I didn't really understand this statement when my mother said it to me when I was a teenager. I mean, I understood it in the sense that she had survived a horribly abusive childhood and that marrying my father was certainly a means for her to remove herself from the pain and dependence of her family, but as a 17 year old with my immediate family being the only thing I knew at that age, it took me until I was well into my twenties before I really understood just how important this statement is, and as I continue to age, that message becomes reinforced for me time and time again.


My whole life, I've struggled with my relationship with my family, both immediate and extended.
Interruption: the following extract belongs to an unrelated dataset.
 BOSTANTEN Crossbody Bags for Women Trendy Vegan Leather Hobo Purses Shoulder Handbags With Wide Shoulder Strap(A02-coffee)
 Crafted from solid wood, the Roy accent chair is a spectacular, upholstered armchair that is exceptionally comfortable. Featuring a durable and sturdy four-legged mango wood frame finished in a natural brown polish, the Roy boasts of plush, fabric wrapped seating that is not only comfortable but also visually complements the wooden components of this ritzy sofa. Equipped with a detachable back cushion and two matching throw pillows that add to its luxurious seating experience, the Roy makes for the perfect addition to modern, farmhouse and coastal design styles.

I've never felt accepted, understood or much liked for that matter or really that anyone in my family really wanted to take the time to really know who I was. They still think they know me, however in reality, they haven't a clue...
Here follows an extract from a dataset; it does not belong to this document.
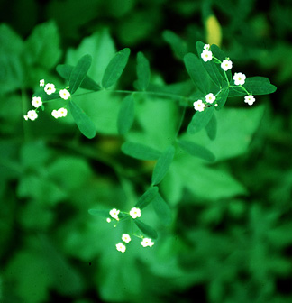 Interesting info Seen rarely in moist woods; more common along roadsides. Flowers are very small. In the sun, they cover the plant
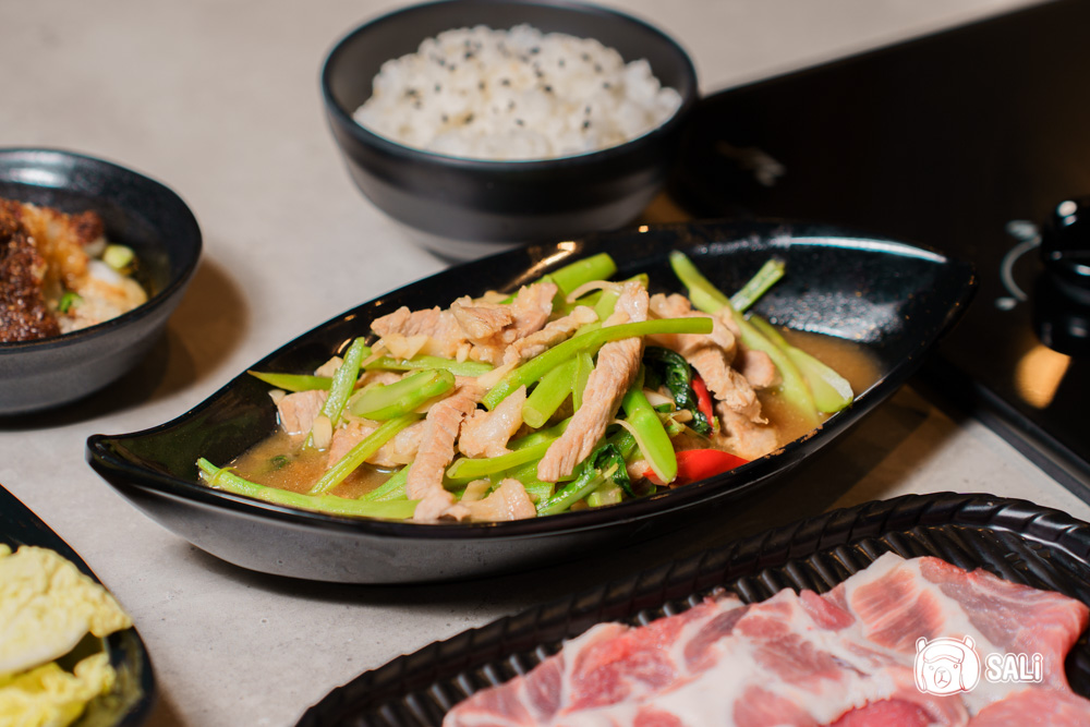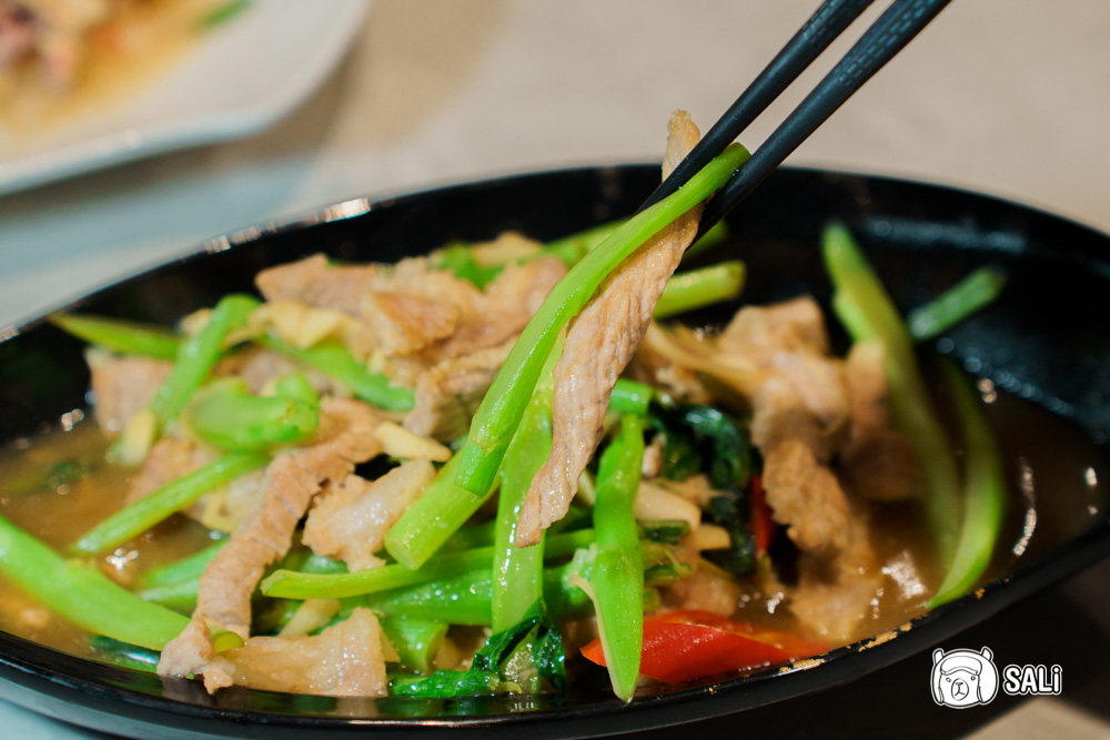 常吃芥藍炒牛肉,但換成炒豬肉其實也很對味!芥藍本身脆嫩微苦,炒得火候剛好,還保有爽口水分,豬肉切成條狀吸附醬香,鹹香中帶點肉甜,超級下飯

In my twenties, I was terribly affected by those strained relationships and I tried to "fix" them through writing letters to my parents and later to my extended family in the hopes of rebuilding that sense of kinship and loyalty. I always wanted that huge family that would gather at holidays and actually enjoy each other's company and while it may have been a projection from my Norman Rockwell inspired diary when I was a girl, it still spoke to something deep within me that I had craved and which had never been satisfied.


Of course my letters never made any difference . If anything, they mostly became fodder for derisive interactions that usually plagued our family get-togethers. Each time I was with my family, I felt alone, mocked, disappointed and ultimately, very sad. Finally, in my mid-twenties, I learned that there was nothing that I was going to be able to do to independently change my family's dynamic, so for my own sake, I started down a different path and made different choices. I tweaked my mother's advice to read from then on...


If you have to choose between your family and yourself, you choose yourself...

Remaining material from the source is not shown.